Undecided Heart: Ralph Davis, Part One

After leading bands in Detroit, Ralph Davis made his dream come true at the Grand Ole Opry in Nashville.

Part 1: Detroit City

The things that keep you in a whirl will someday fall apart
Then you’ll make up your mind about your undecided heart
— “Undecided Heart” by Ralph Davis, 1957 [1]
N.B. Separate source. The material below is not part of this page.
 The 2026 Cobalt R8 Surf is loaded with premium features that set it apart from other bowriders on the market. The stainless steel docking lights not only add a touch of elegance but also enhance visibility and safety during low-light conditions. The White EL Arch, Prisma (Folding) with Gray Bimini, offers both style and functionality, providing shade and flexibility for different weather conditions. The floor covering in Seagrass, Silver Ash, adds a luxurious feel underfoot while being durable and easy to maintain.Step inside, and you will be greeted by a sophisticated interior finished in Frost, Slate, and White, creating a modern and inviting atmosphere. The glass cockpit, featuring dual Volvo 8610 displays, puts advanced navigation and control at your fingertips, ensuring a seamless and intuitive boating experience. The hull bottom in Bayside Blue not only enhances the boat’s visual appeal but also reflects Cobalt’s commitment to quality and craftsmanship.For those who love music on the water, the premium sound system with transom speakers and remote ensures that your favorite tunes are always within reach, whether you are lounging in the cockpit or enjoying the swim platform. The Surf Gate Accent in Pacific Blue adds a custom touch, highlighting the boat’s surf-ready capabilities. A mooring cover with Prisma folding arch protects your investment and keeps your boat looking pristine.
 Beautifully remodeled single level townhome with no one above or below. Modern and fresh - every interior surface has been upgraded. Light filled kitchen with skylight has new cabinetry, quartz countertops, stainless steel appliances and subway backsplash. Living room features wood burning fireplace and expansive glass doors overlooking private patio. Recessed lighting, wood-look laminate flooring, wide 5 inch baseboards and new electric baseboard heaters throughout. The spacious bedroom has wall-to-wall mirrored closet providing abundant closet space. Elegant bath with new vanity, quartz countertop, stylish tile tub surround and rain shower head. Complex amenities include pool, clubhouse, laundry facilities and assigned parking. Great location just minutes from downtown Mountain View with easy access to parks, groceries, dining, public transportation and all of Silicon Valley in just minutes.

Ralph Davis’ lines in the song “Undecided Heart” could have been written for many people who moved to Detroit from the South during the city’s decades-long economic boom of the last century. For like Davis, after some time spent in Michigan, many folks chose to return home. Born March 15, 1930, in rural Wayne County, Tennessee, Davis moved to Wayne County, Michigan, in 1951. “After a little while, I got called up to the service,” he said.[2] Following a stint in the U.S. Marine Corps, Davis settled in Detroit in 1953, only to be called up by the U.S. Army in 1955. He returned to the Motor City in 1957, and formed the Western Rhythm Boys with two of his brothers, Kenny (fiddle) and Guy (bass). Later that year, Davis cut his first record, issued on Fortune Records subsidiary Hi-Q. In 1958, Davis and his brothers moved to Nashville, Tennessee, where they played music with stars of WSM radio’s “Grand Ole Opry” through four decades.

Woody Crowe Quartet

Undecided Heart by Ralph Davis on Hi-Q 15After Davis returned from his hitch in the Marines, he found work in Detroit. “I was living up there with my wife and working at Briggs Manufacturing Company,” he said. “There was a gentlemen from [Tennessee] named Woody Crowe — a great fiddle player. My uncle lived on Groesbeck [Highway], and there was a club out there called Harold’s Bar. Woody, the fiddle player, had a little band in there. I was sitting around one day, and my uncle and Woody called me. They wanted me to bring out my guitar and sit in with them, because they wanted somebody to sing and play. I knew all the songs back then — Hank Williams, Carl Smith, and all that. I’d just sit around at home [singing]. So I went out there one night and they hired me. I stayed there about sixteen months, I guess. We had a little four piece group.”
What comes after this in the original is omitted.